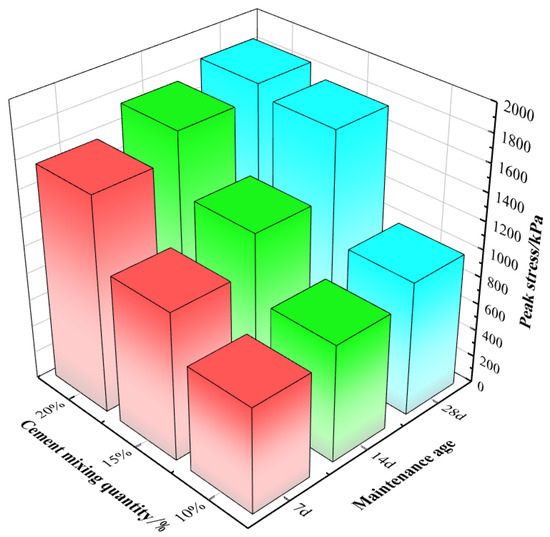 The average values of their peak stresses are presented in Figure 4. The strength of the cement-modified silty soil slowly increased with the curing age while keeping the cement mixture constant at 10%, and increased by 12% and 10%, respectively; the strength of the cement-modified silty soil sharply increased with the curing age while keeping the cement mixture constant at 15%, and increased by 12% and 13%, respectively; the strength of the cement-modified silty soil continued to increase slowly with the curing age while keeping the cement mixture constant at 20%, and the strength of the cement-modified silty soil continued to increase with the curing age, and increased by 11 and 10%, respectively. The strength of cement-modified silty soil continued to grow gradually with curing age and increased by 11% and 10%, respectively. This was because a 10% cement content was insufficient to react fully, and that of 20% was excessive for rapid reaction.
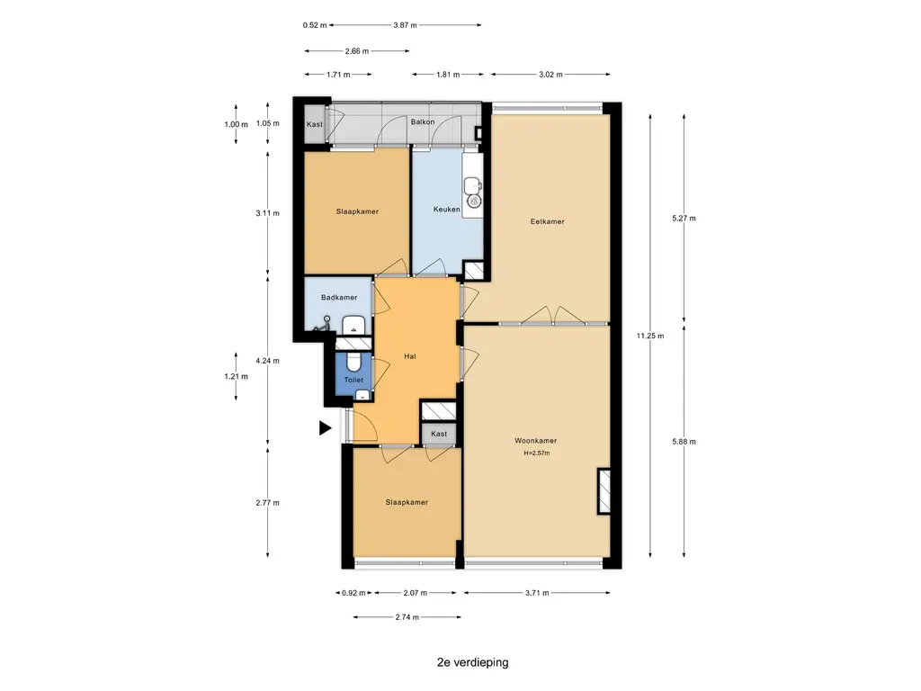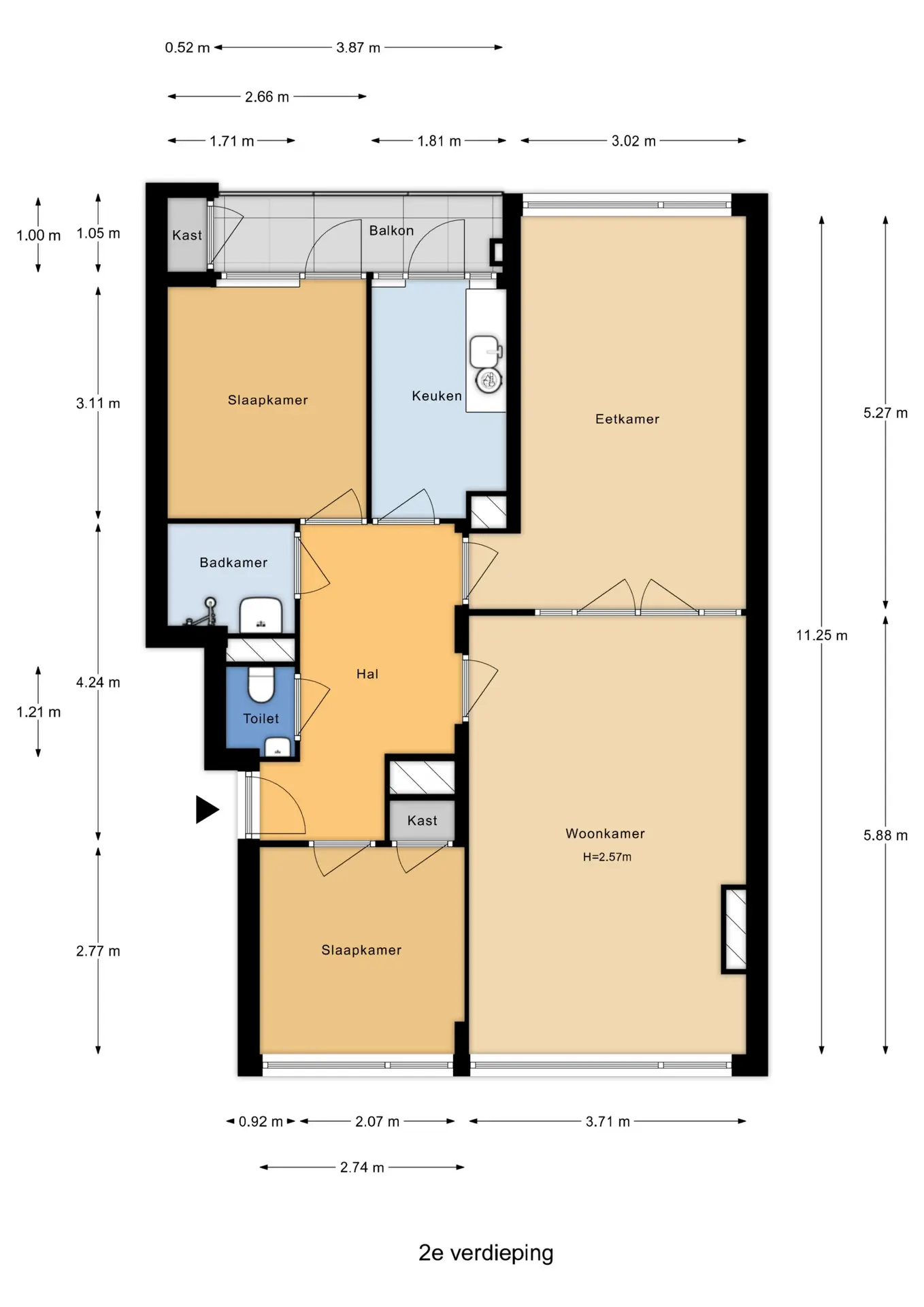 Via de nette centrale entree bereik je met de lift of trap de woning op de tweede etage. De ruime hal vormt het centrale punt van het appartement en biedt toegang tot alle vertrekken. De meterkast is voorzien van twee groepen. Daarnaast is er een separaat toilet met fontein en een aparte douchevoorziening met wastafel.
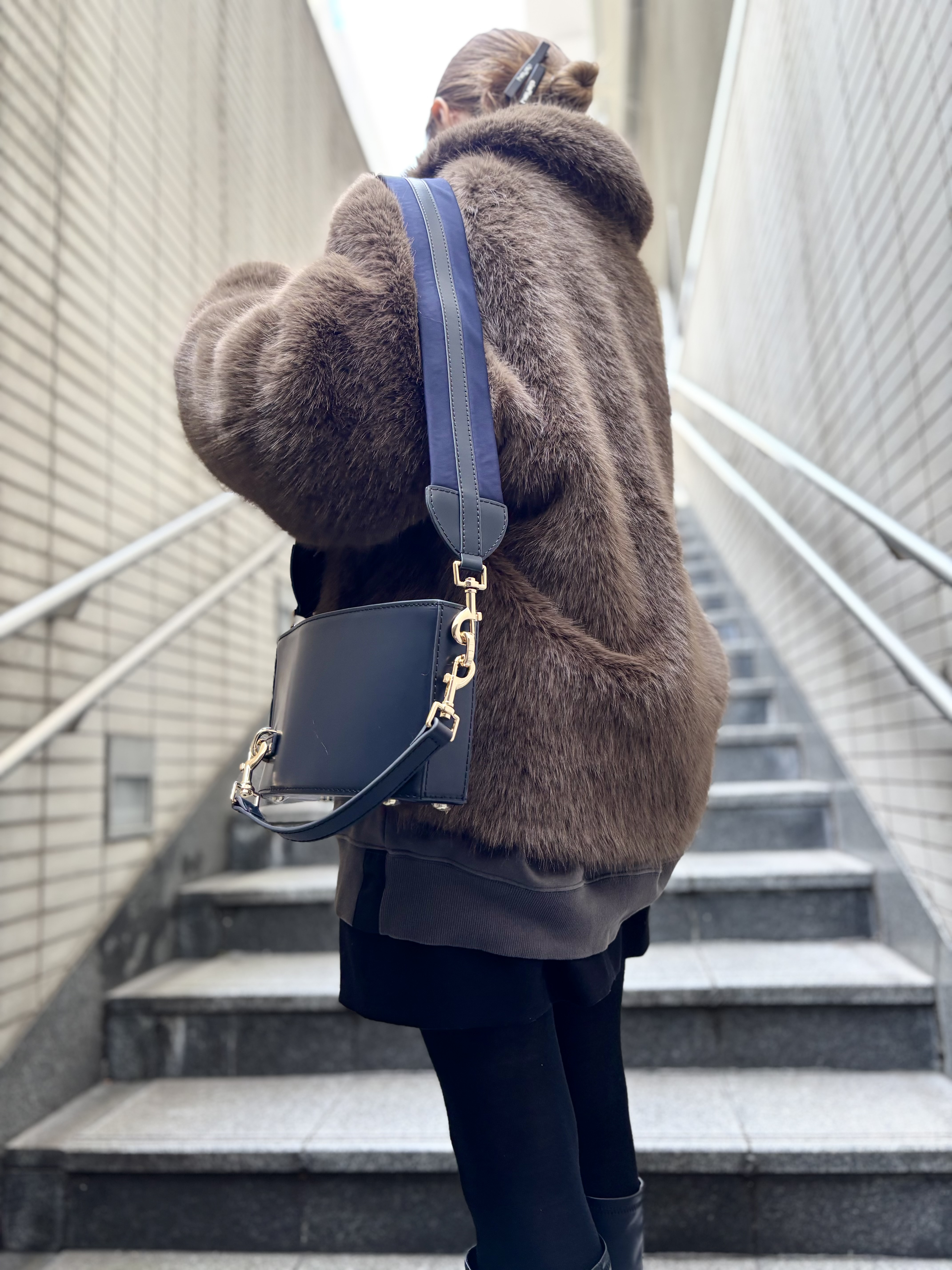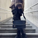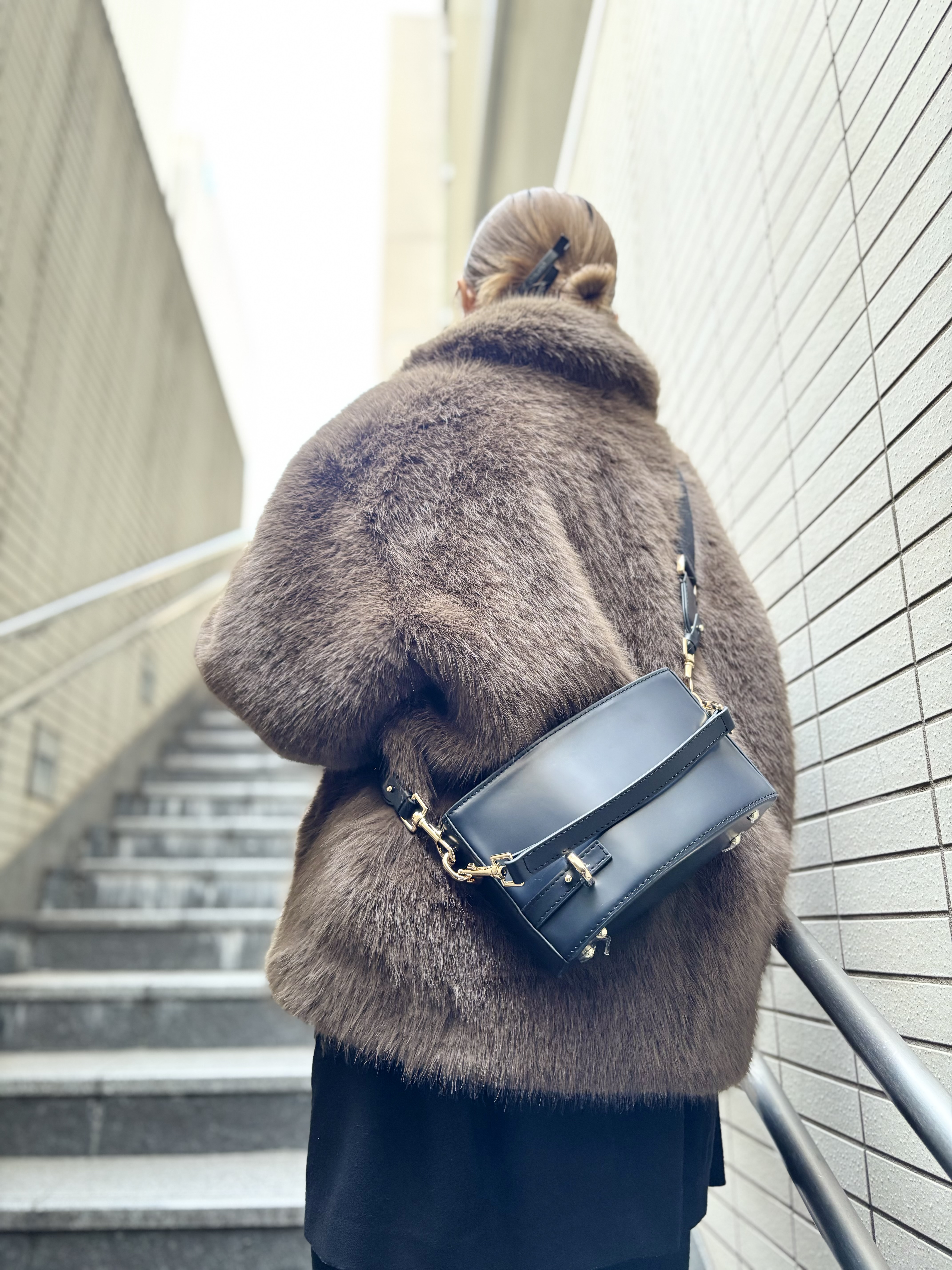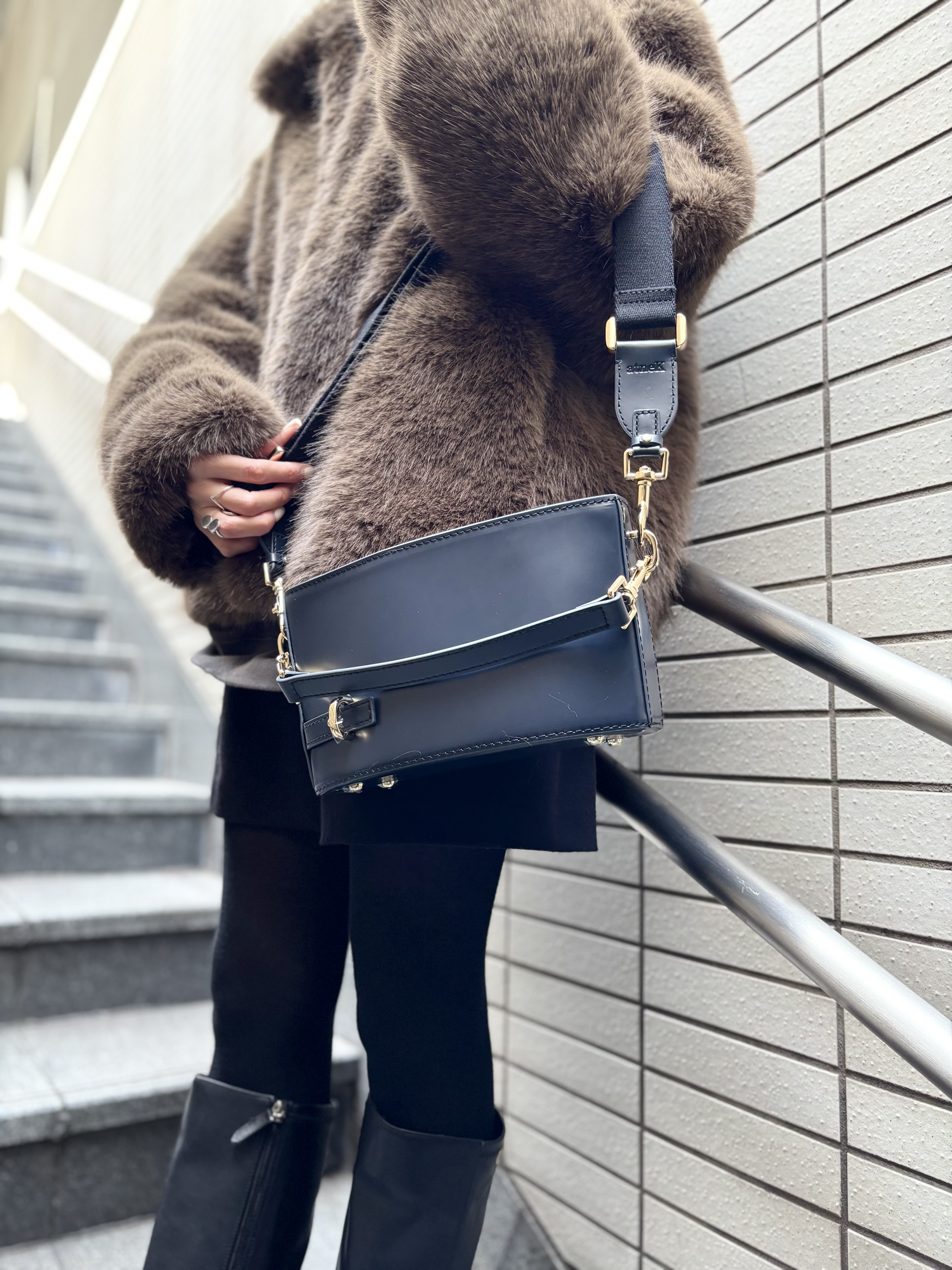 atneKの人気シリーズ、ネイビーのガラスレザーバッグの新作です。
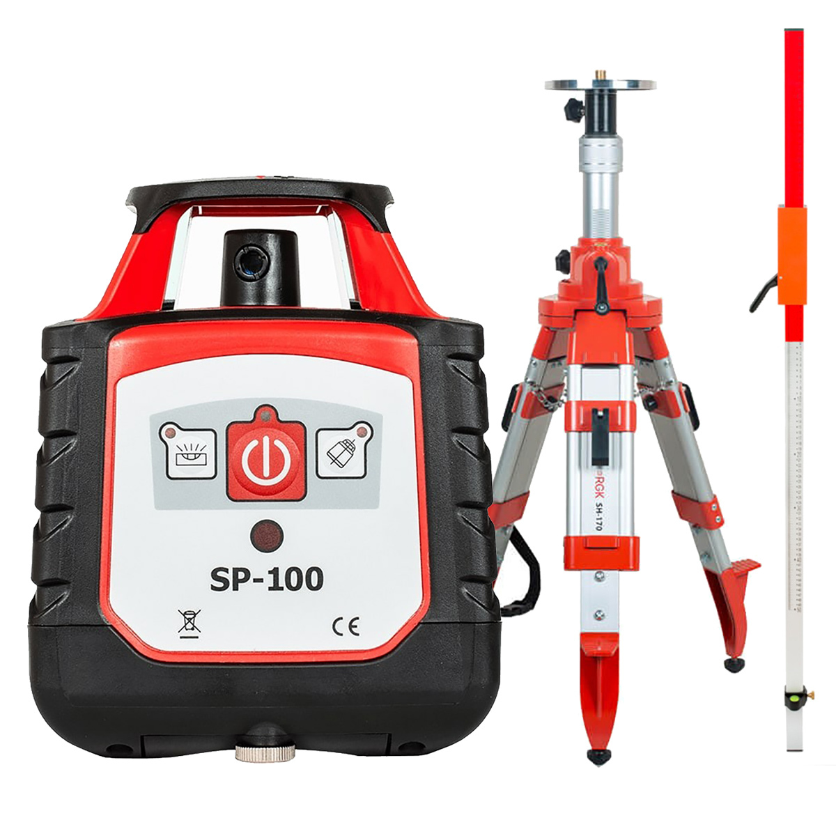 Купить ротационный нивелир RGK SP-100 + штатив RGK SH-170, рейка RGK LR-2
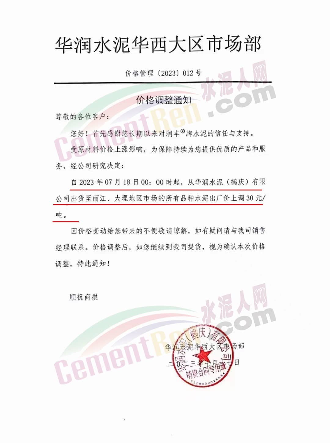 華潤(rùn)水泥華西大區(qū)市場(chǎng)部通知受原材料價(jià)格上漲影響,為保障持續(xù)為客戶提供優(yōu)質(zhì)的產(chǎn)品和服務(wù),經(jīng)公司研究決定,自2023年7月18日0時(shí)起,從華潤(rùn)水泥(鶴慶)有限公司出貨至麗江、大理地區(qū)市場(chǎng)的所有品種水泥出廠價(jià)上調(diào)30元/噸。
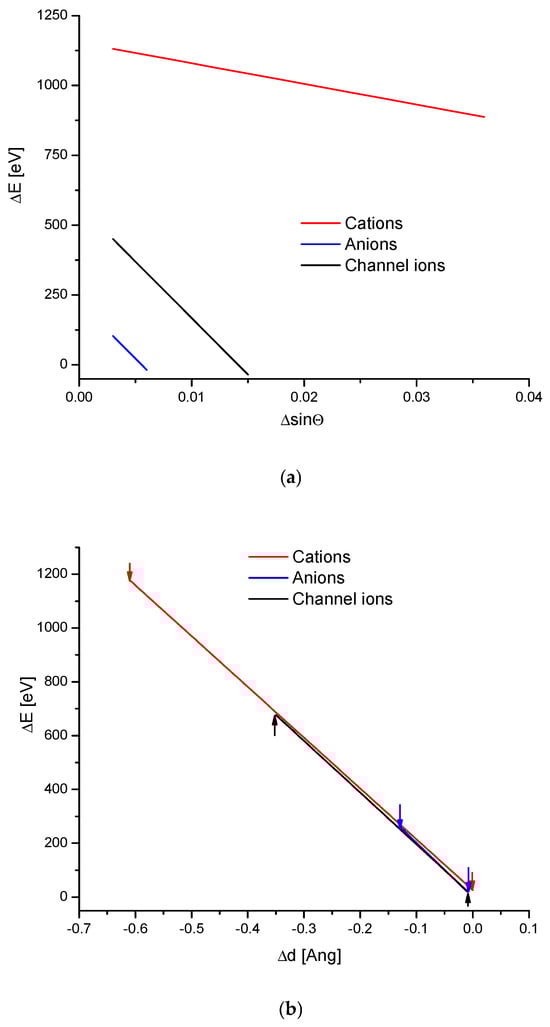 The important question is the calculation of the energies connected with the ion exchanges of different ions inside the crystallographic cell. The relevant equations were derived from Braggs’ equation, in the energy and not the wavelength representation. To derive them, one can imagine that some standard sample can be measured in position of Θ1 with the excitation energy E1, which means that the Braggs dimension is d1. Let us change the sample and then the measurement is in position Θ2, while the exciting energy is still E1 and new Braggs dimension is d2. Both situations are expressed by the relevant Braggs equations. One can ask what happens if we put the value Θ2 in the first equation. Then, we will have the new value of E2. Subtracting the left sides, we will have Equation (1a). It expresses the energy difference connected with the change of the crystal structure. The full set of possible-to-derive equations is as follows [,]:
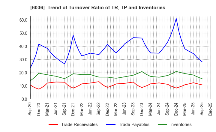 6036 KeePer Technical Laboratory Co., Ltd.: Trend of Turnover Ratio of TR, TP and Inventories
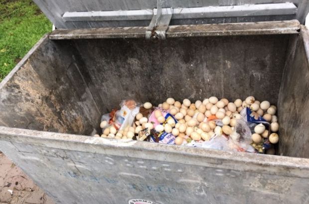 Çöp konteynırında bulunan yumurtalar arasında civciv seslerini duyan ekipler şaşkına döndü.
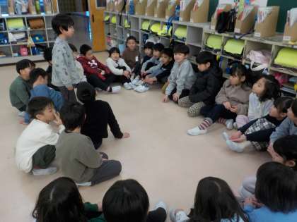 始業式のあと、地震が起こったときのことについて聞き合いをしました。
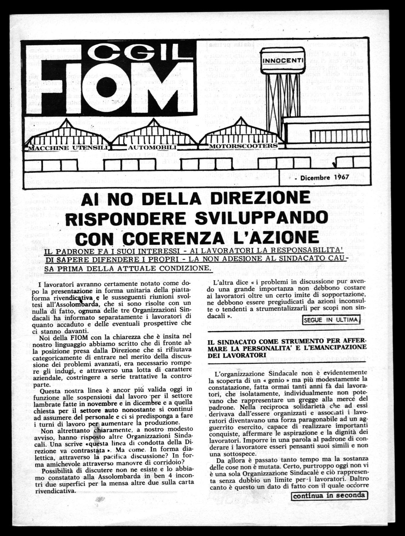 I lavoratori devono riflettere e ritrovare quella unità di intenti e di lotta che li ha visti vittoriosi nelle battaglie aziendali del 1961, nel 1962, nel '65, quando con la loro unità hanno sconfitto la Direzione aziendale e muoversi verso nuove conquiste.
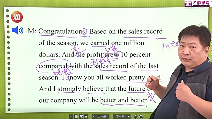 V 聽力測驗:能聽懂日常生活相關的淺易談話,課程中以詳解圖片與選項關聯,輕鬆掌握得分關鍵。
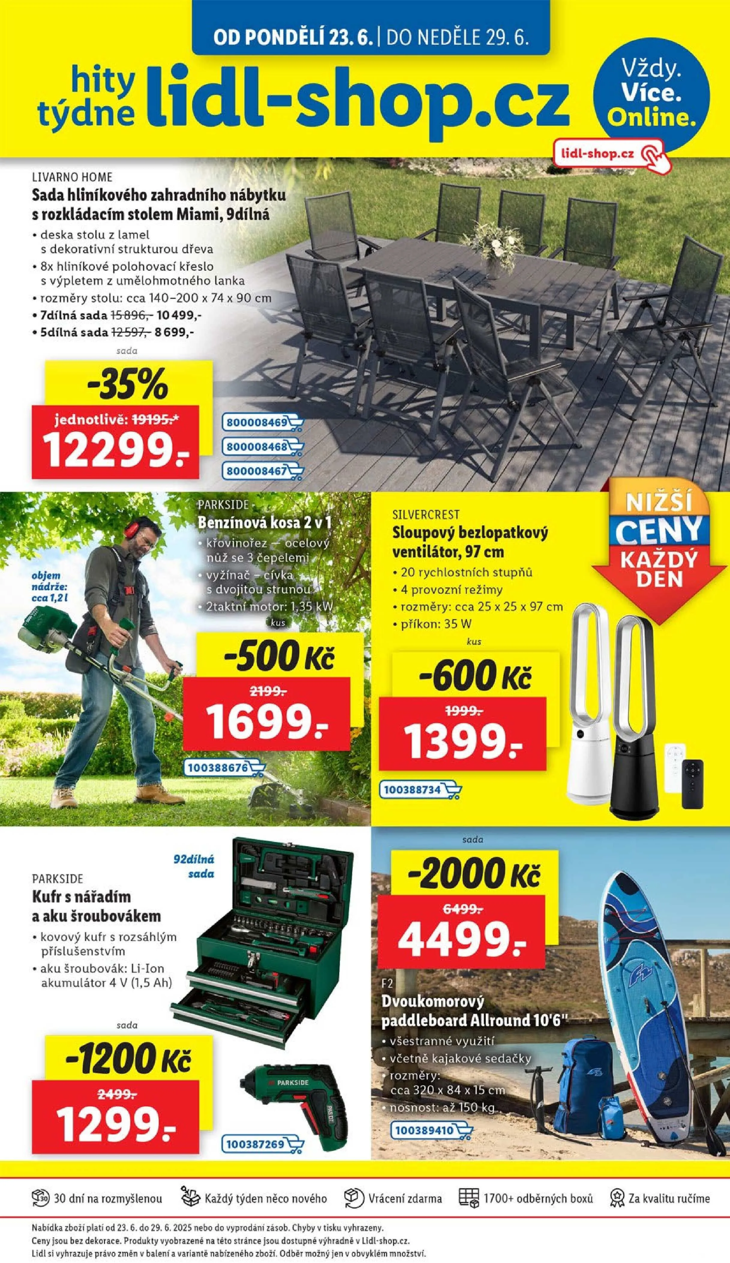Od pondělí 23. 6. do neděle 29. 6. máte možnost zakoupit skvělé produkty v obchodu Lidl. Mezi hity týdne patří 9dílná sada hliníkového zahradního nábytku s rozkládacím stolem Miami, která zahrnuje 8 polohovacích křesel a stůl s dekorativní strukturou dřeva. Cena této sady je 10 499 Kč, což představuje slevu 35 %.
---+---
• _Requirement_:
Reproduce the data above exactly, but only the lines from the one showing "atneKの人気シリーズ、ネイビーのガラスレザーバッグの新作です。" through the one showing "華潤(rùn)水泥華西大區(qū)市場(chǎng)部通", with both ends kept and the pictures left out.

• _Answer to the exercise_:
 atneKの人気シリーズ、ネイビーのガラスレザーバッグの新作です。
 Купить ротационный нивелир RGK SP-100 + штатив RGK SH-170, рейка RGK LR-2
 華潤(rùn)水泥華西大區(qū)市場(chǎng)部通知受原材料價(jià)格上漲影響,為保障持續(xù)為客戶提供優(yōu)質(zhì)的產(chǎn)品和服務(wù),經(jīng)公司研究決定,自2023年7月18日0時(shí)起,從華潤(rùn)水泥(鶴慶)有限公司出貨至麗江、大理地區(qū)市場(chǎng)的所有品種水泥出廠價(jià)上調(diào)30元/噸。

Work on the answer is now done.